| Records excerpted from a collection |
____________

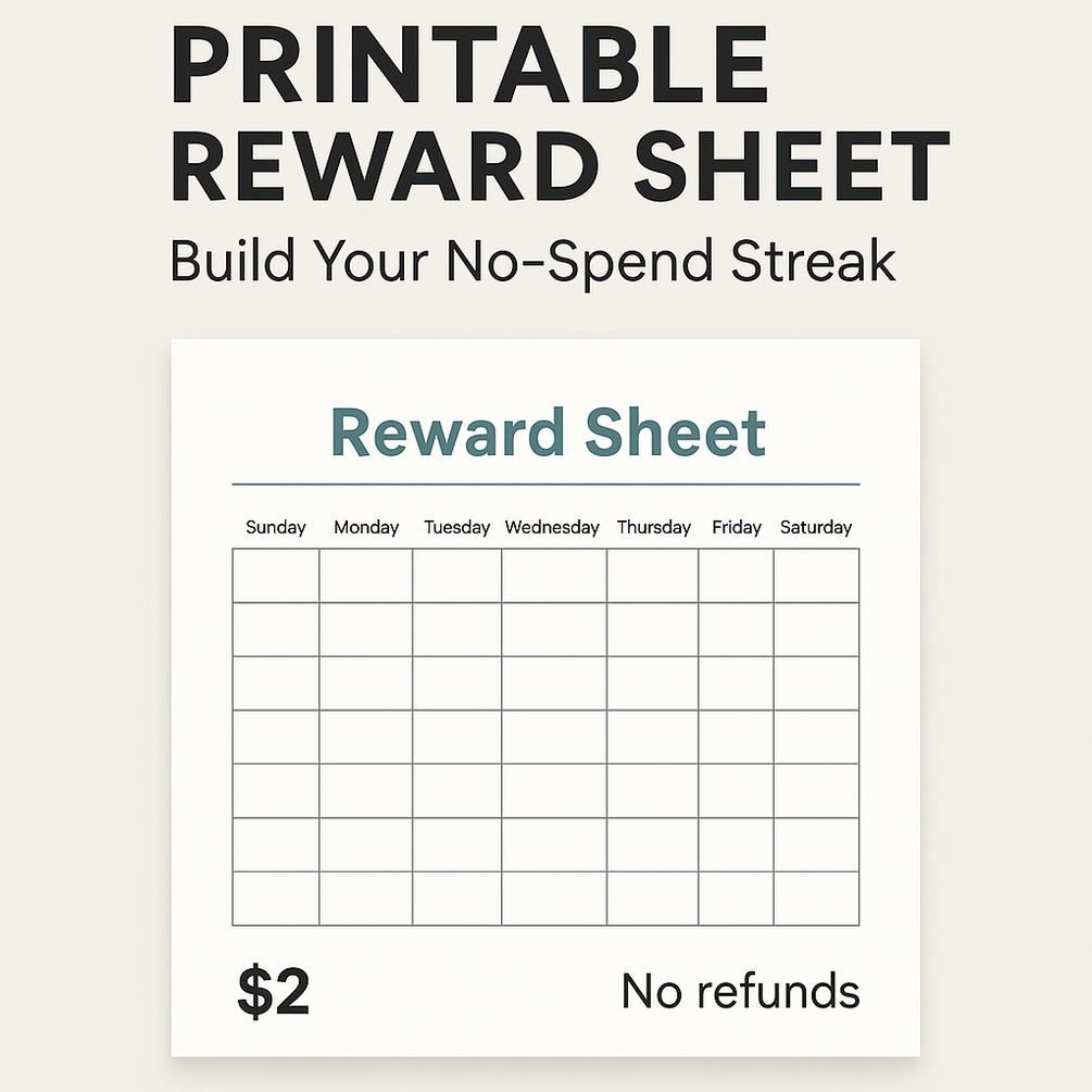 This enhanced, printable reward card helps you log each no-spend victory, capture reflections, and reinforce the habit. Plus, it includes a 3-day streak challenge and a motivational quote to fuel your financial discipline.
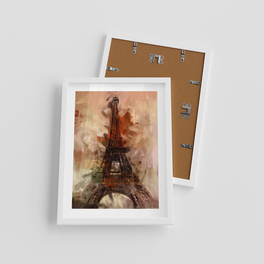 Plakat w ramie 30x40 - Abstrakcyjna Eiffla - miasto w nowej formie - Eiffla, abstrakcja - rama biała
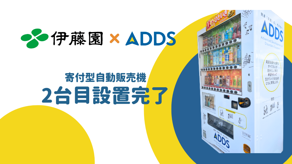 この自販機では、1本購入につき5円がADDSに寄付される仕組みになっています。日常の中で気軽に支援に参加できる、そんな温かい仕組みです。
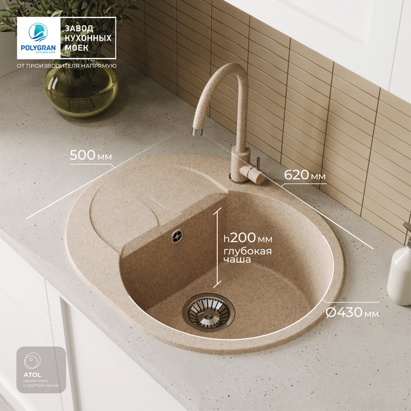 Мойка кухонная POLYGRAN ATOL 620 (песочный №302)
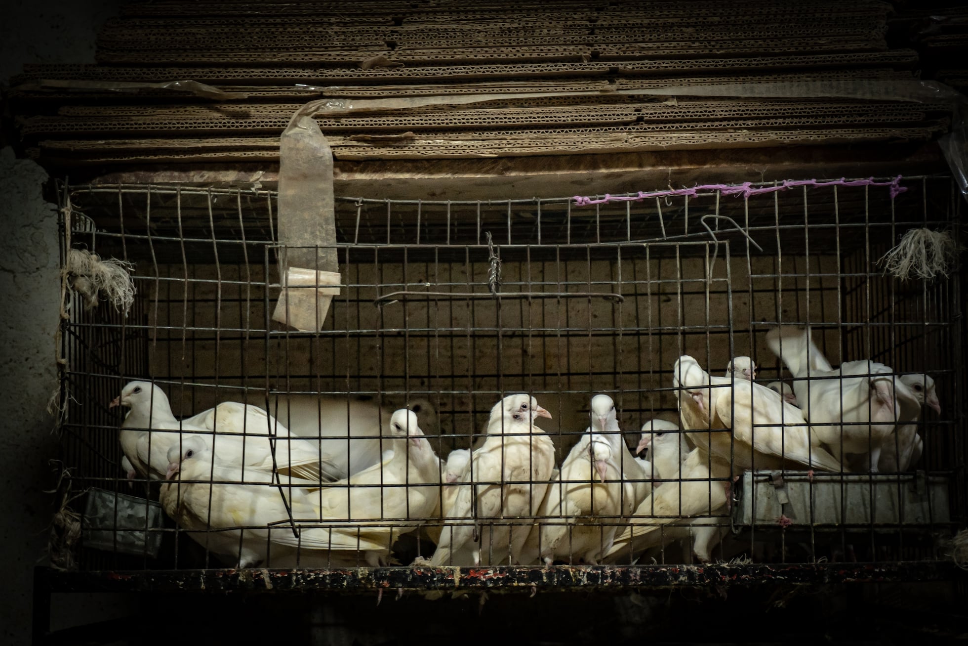 En la jaula hay en torno a 20 codornices. En las demás hay palomas blancas y grises, pollos, patos y gallos blancos y negros. Estos últimos, por su color, se usan para santería, otro de los motivos por lo que los animalistas exigen que se deje de vender en el mercado. “Yo vendo lo que pidan. Una señora compró gallinas para que pongan huevos. Cada quien decide qué hacer. Mientras están aquí, los cuido. Tienen agua, comida y están limpios”, justifica la comerciante.
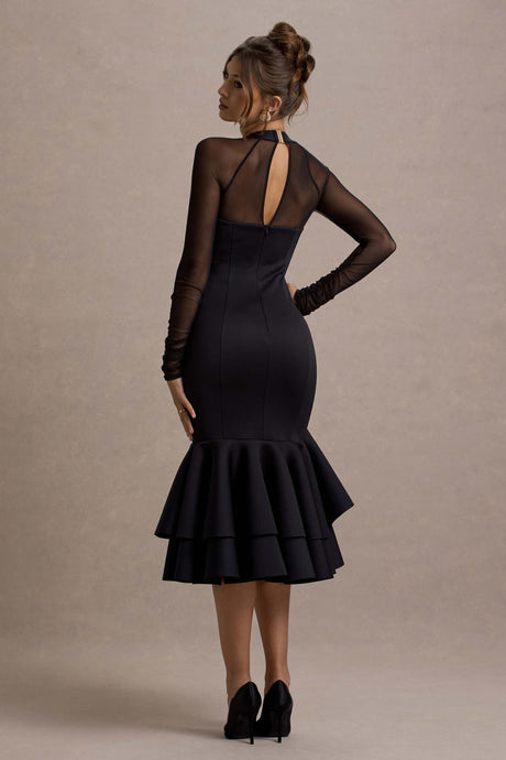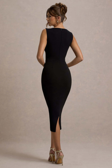 Seductress | Black Velvet Square Neck Bodycon Midi Dress With Long Sleeves
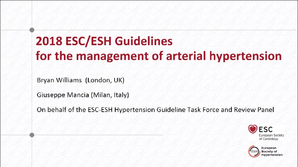 Nuevos Conceptos Guías ESC/ESH 2018 • Medición de PA - Mayor uso de mediciones de PA fuera de la oficina con MAPA o CDPA, como opción para confirmar el diagnóstico de HTA, detectar HTA delantal blanco o enmascarada y control de PA con monitor • Tratamiento menos conservador de HTA- especialmente en pacientes mayores o muy mayores - Umbrales de reducción de PA y metas de tratamiento para pacientes mayores con énfasis en consideraciones de edad biológica más que cronológica (ej. Importancia de fragilidad, independencia y tolerabilidad al tratamiento) • Nuevos rangos de metas en pacientes en tratamiento - Enfocar rangos de metas para pacientes en tratamiento para mejor identificación de metas de PA recomendadas y el límite más bajo de seguridad, de acuerdo a la edad del paciente y comorbilidades específicas
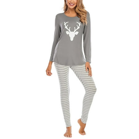 2PCS Women Long Sleeve Pajama Sets Loose Striped Print Sleepwear Loungewear Set Nightwear Casual Home Suit
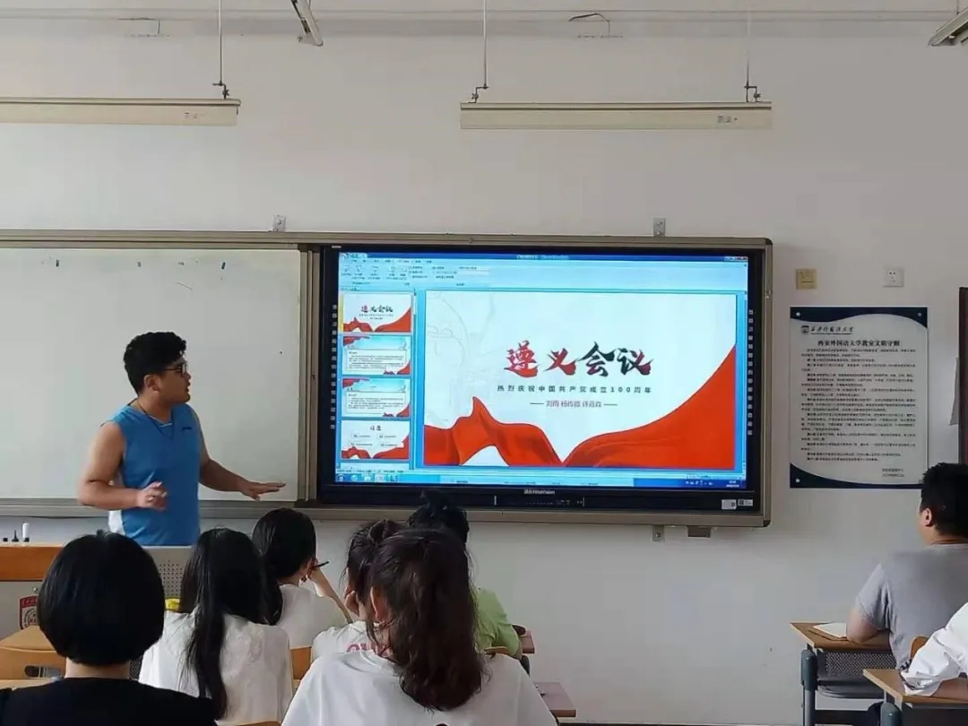 本支部第二学习小组展示了近期党史学习成果。许嘉森、刘雨、杨传德三位同志分别从历史背景、历史地位、过程和决议内容、精神内涵四个方面带领大家回顾学习了遵义会议。遵义会议精神既是发扬民主、集思广益、凝聚集体智慧的典范,也是面对重大危机,万众一心,团结一致,齐心协力,众志成城的典范,直到今日“坚定信念、实事求是、独立自主、敢闯新路、民主团结”的遵义精神仍是激励我们攻坚克难、不断前进的不竭动力。
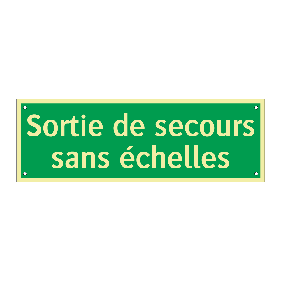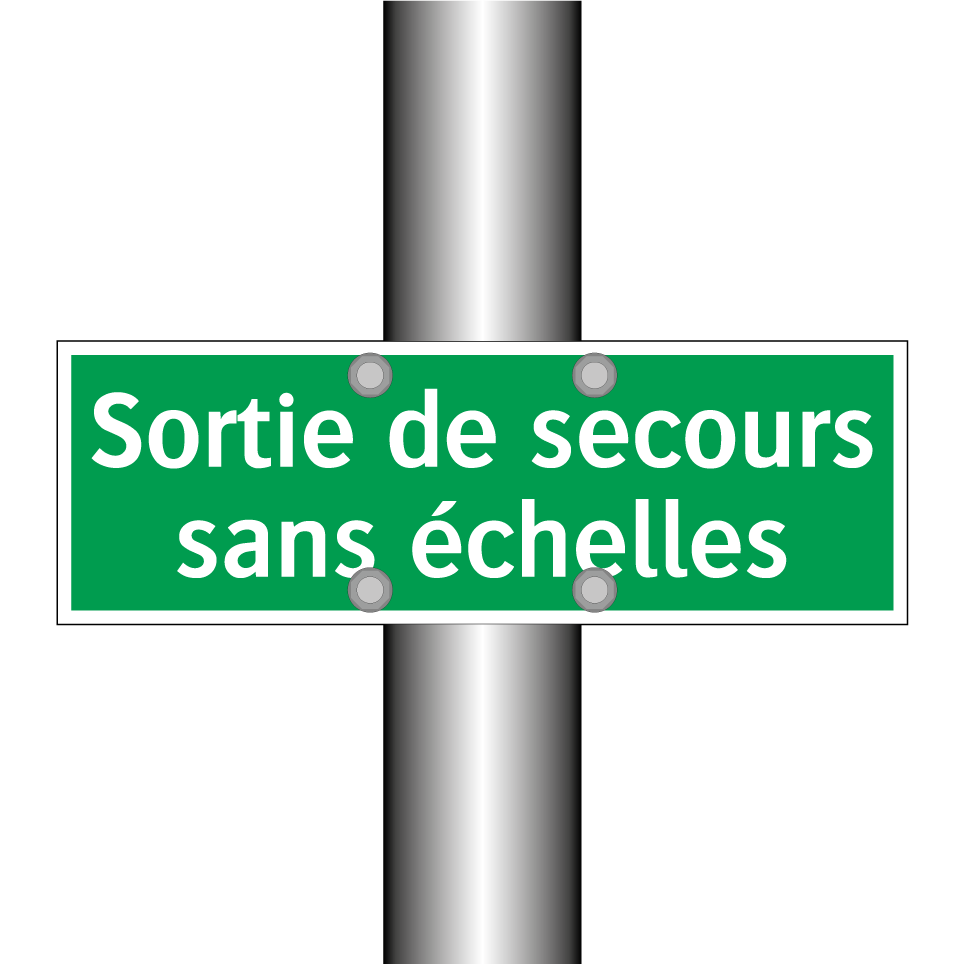 Panneau de secours avec le texte Sortie de secours sans échelles
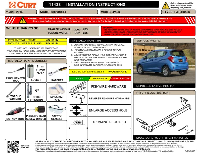 Connect to your lifestyle with a custom hitch receiver from CURT. All of our custom hitches are designed for a vehicle-specific fit, manufactured with pride, finished for industry-leading rust resistance and tested to rigorous SAE J684 standards for safety. This class 1 trailer hitch and ball mount combination is designed for a custom fit on select years of the Chevrolet Spark (see application info to verify fitment). The hitch integrates with the vehicle's frame and provides a useful and dependable 1-1/4" x 1-1/4" receiver. The receiver is perfect for attaching the included ball mount and towing a small trailer, or for adding cargo space with a hitch-mounted cargo carrier, bike rack or other accessory. This particular class 1 hitch is rated for 2,000 pounds gross trailer weight and 200 pounds tongue weight (never exceed the lowest-rated towing component). The ball mount included with this trailer hitch quickly and easily installs into the hitch receiver and has a 3/4" trailer ball hole (trailer ball not included). It can be mounted in the rise or drop position to promote level towing. Like all CURT custom hitches, this class 1 hitch is protected with our co-cured finishing process. It is descaled for a smooth surface, immersed in liquid A-coat for rust resistance inside and out, covered with a durable black powder coat and finally co-cured for an industry-leading rust, chip and UV-resistant shield. No matter where you're headed or which season of the year you’re towing in, this CURT hitch is equipped for long-lasting resilience to the elements. It features an open-back receiver for easy cleaning, and it comes with all the hardware necessary for the installation.
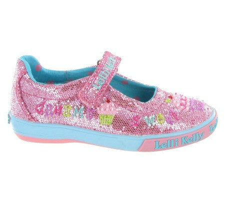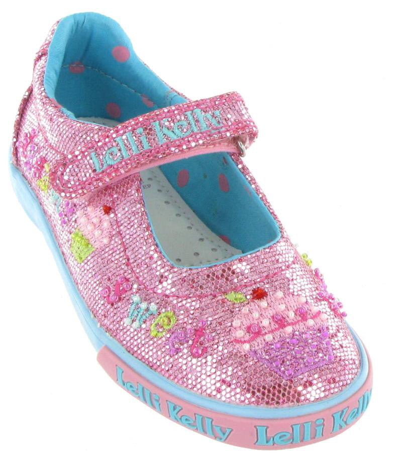 A totally girly canvas shoe covered in pink glitter and sparkles, Lelli Kelly LK4150 has little cute embroidered cupcakes on it and could be a lovely addition to any little girls shoe collection. Featuring a velcro strap and removeable leather insole. Also available in white or silver.

____________

Reproduce the data above exactly, but only from the line containing "Plakat w ramie" through the line containing "Мойка кухонная POLYGRAN". Omit all pictures.

 Plakat w ramie 30x40 - Abstrakcyjna Eiffla - miasto w nowej formie - Eiffla, abstrakcja - rama biała
 この自販機では、1本購入につき5円がADDSに寄付される仕組みになっています。日常の中で気軽に支援に参加できる、そんな温かい仕組みです。
 Мойка кухонная POLYGRAN ATOL 620 (песочный №302)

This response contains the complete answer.